▶ [YOUR OBJECTIVE]
I'd like the data below restated word for word, with the pictures left out.

= Beginning of Section =

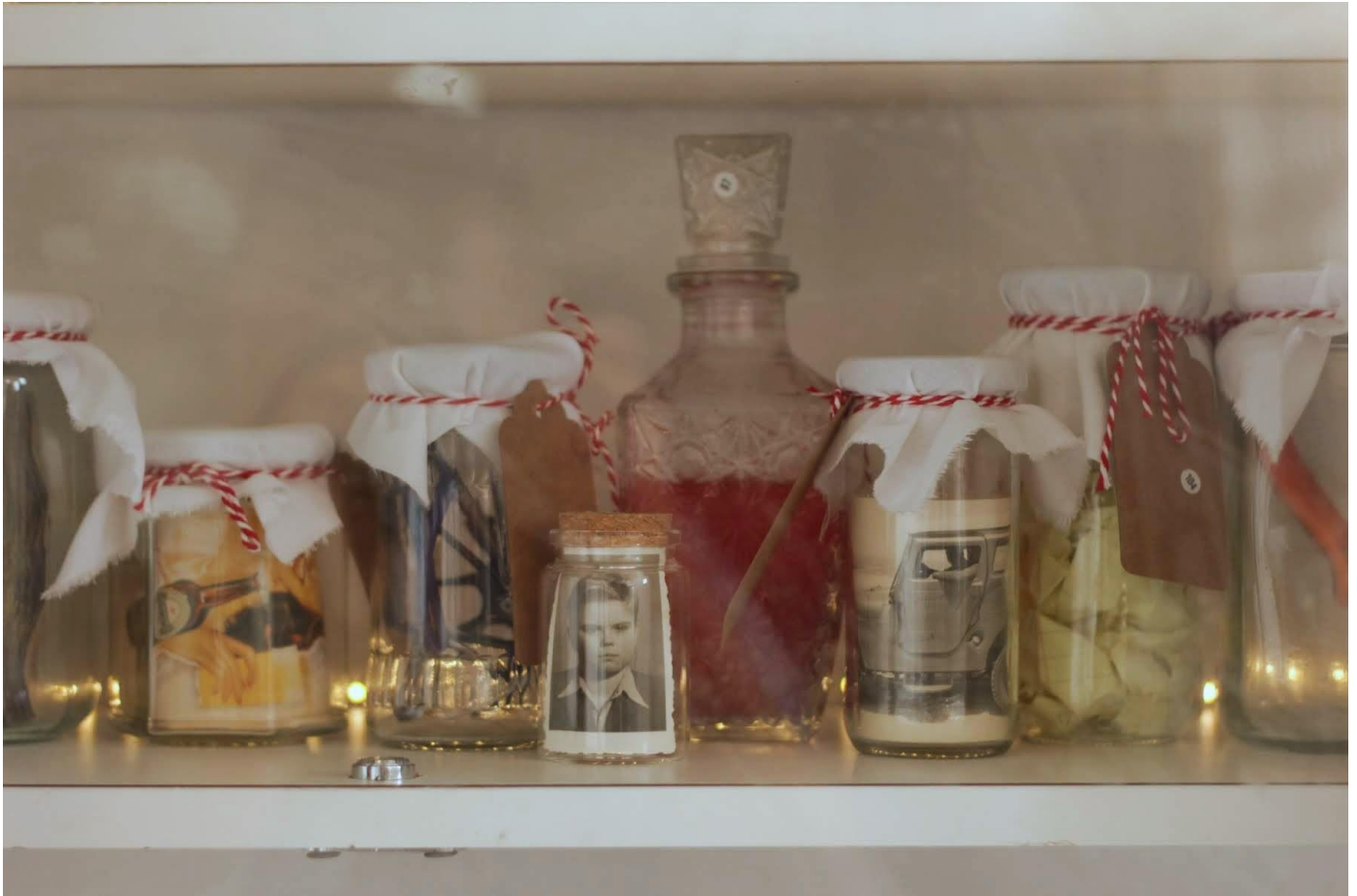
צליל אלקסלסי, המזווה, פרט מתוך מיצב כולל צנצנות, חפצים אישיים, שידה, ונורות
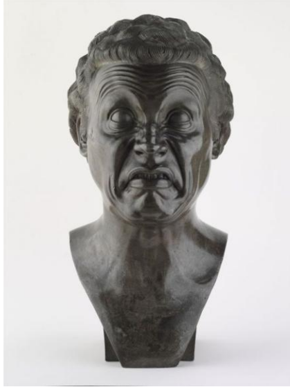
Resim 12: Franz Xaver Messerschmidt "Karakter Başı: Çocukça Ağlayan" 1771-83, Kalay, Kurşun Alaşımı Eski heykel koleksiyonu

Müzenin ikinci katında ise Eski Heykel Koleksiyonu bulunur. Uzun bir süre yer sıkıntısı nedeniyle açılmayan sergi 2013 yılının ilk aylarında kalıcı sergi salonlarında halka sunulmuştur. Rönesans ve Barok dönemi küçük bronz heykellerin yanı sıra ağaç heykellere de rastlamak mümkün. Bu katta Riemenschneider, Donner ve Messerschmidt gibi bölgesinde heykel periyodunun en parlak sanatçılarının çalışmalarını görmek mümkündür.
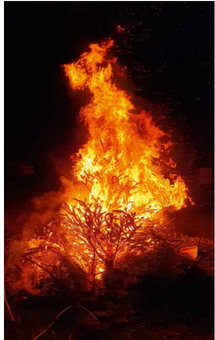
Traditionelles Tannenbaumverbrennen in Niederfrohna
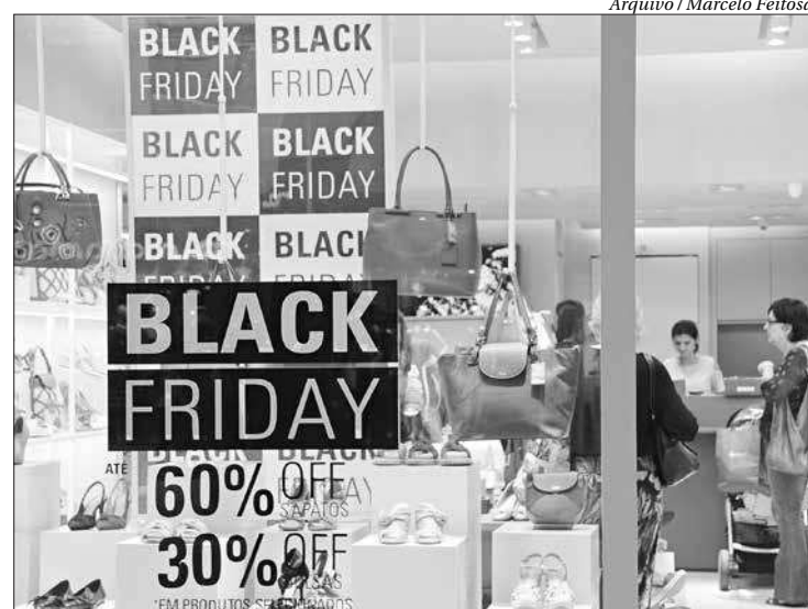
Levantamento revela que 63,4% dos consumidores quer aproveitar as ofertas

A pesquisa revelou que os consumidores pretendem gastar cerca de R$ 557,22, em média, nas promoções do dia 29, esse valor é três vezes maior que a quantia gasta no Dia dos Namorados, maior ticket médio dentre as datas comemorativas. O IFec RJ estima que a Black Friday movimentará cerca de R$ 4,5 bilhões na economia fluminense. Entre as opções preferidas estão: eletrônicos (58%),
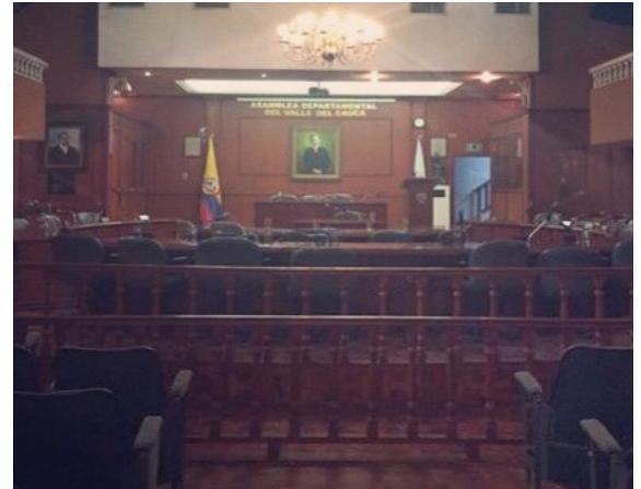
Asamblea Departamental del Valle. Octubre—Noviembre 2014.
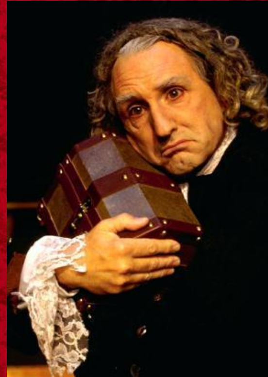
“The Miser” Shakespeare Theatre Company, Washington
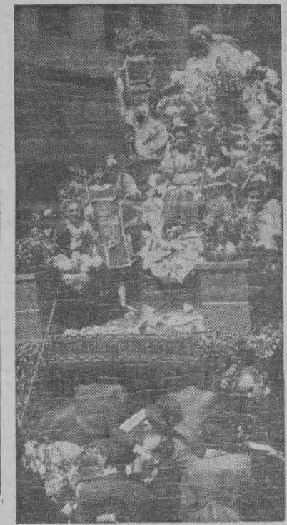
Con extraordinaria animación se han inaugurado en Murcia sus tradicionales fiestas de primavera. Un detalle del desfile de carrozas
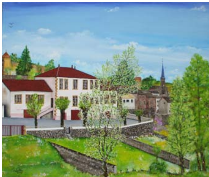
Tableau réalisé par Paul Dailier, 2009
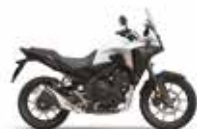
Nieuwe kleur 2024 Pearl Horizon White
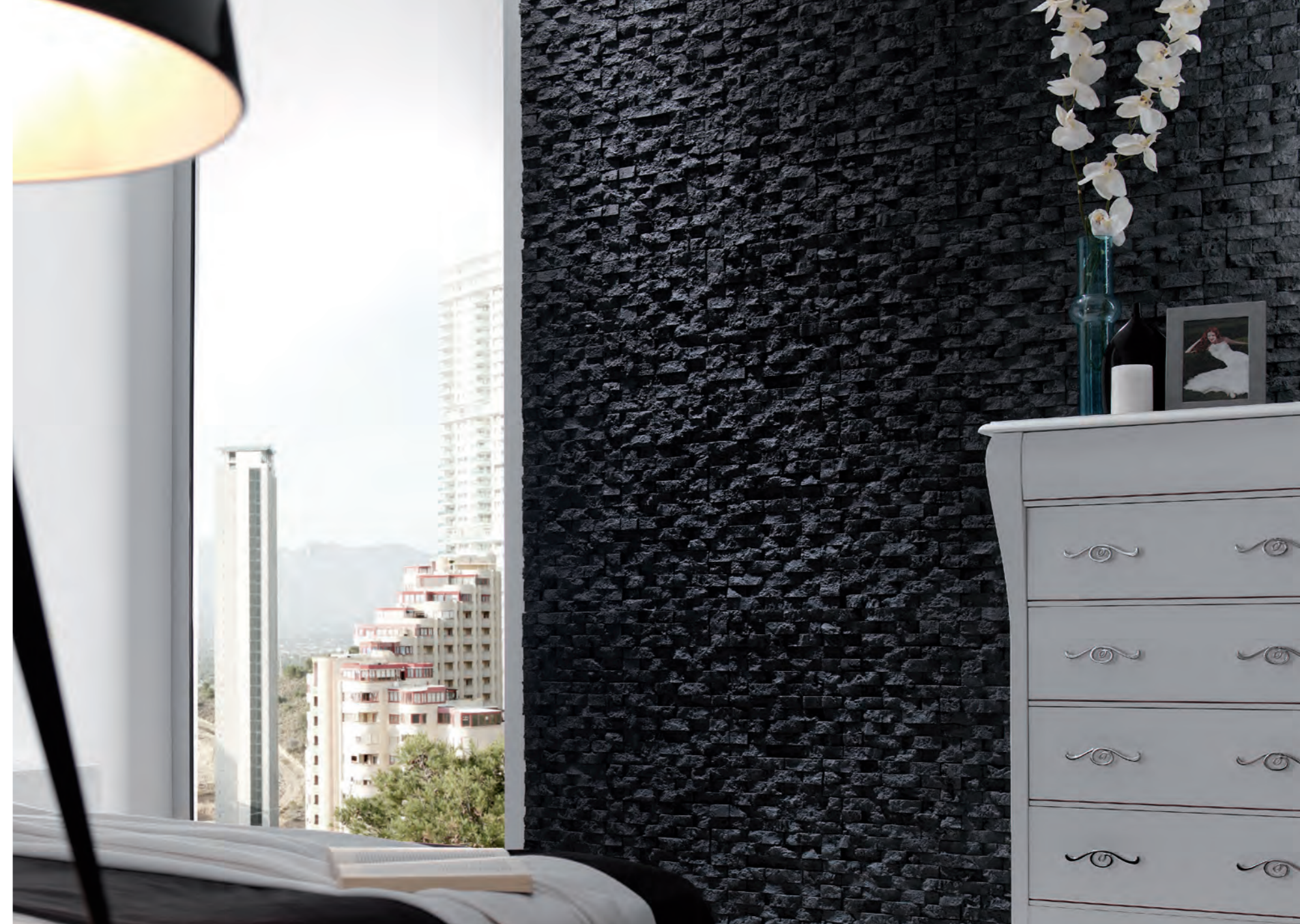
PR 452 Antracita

= End of Section =

▶ [ANSWER SPACE]
צליל אלקסלסי, המזווה, פרט מתוך מיצב כולל צנצנות, חפצים אישיים, שידה, ונורות
Resim 12: Franz Xaver Messerschmidt "Karakter Başı: Çocukça Ağlayan" 1771-83, Kalay, Kurşun Alaşımı Eski heykel koleksiyonu

Müzenin ikinci katında ise Eski Heykel Koleksiyonu bulunur. Uzun bir süre yer sıkıntısı nedeniyle açılmayan sergi 2013 yılının ilk aylarında kalıcı sergi salonlarında halka sunulmuştur. Rönesans ve Barok dönemi küçük bronz heykellerin yanı sıra ağaç heykellere de rastlamak mümkün. Bu katta Riemenschneider, Donner ve Messerschmidt gibi bölgesinde heykel periyodunun en parlak sanatçılarının çalışmalarını görmek mümkündür.
Traditionelles Tannenbaumverbrennen in Niederfrohna
Levantamento revela que 63,4% dos consumidores quer aproveitar as ofertas

A pesquisa revelou que os consumidores pretendem gastar cerca de R$ 557,22, em média, nas promoções do dia 29, esse valor é três vezes maior que a quantia gasta no Dia dos Namorados, maior ticket médio dentre as datas comemorativas. O IFec RJ estima que a Black Friday movimentará cerca de R$ 4,5 bilhões na economia fluminense. Entre as opções preferidas estão: eletrônicos (58%),
Asamblea Departamental del Valle. Octubre—Noviembre 2014.
“The Miser” Shakespeare Theatre Company, Washington
Con extraordinaria animación se han inaugurado en Murcia sus tradicionales fiestas de primavera. Un detalle del desfile de carrozas
Tableau réalisé par Paul Dailier, 2009
Nieuwe kleur 2024 Pearl Horizon White
PR 452 Antracita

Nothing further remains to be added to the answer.